> **Task prompt**: Please take the records that follow and repeat exactly the lines starting with the line with "1983年西泠印社80周年大" and going on through the line with "Druckerei Breistroff. |".

> **Given entries**:
= Beginning of Section =

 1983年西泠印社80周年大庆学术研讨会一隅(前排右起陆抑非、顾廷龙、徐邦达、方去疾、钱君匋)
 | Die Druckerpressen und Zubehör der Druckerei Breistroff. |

= End of Section =
= Beginning of Section =

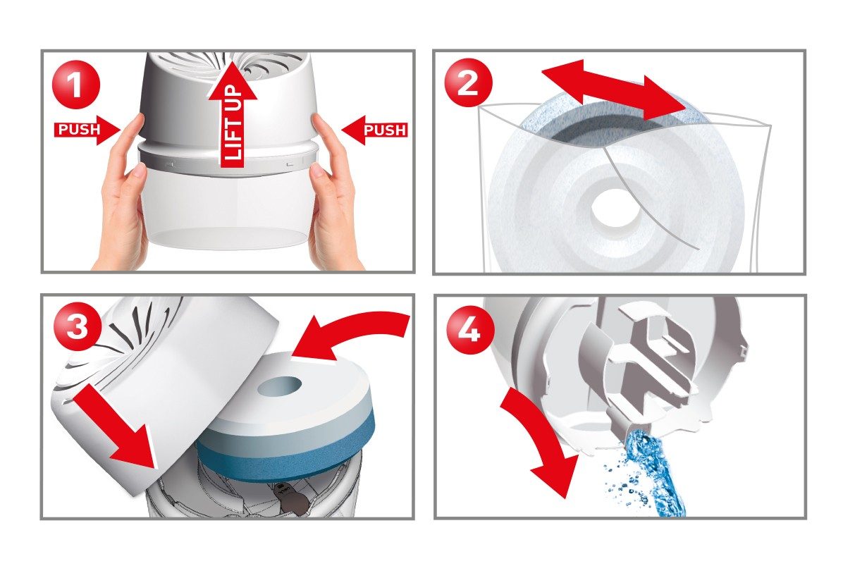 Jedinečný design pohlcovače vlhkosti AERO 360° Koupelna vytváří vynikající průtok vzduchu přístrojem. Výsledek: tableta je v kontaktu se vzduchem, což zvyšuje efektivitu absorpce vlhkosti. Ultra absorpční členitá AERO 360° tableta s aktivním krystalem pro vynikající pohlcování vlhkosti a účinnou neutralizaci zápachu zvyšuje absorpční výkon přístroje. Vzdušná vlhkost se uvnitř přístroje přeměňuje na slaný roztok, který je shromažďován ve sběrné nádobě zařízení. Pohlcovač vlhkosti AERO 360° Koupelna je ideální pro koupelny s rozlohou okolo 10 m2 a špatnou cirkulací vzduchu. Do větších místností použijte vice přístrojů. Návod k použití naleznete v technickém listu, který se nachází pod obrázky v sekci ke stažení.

= End of Section =

> **Your response**:
 1983年西泠印社80周年大庆学术研讨会一隅(前排右起陆抑非、顾廷龙、徐邦达、方去疾、钱君匋)
 | Die Druckerpressen und Zubehör der Druckerei Breistroff. |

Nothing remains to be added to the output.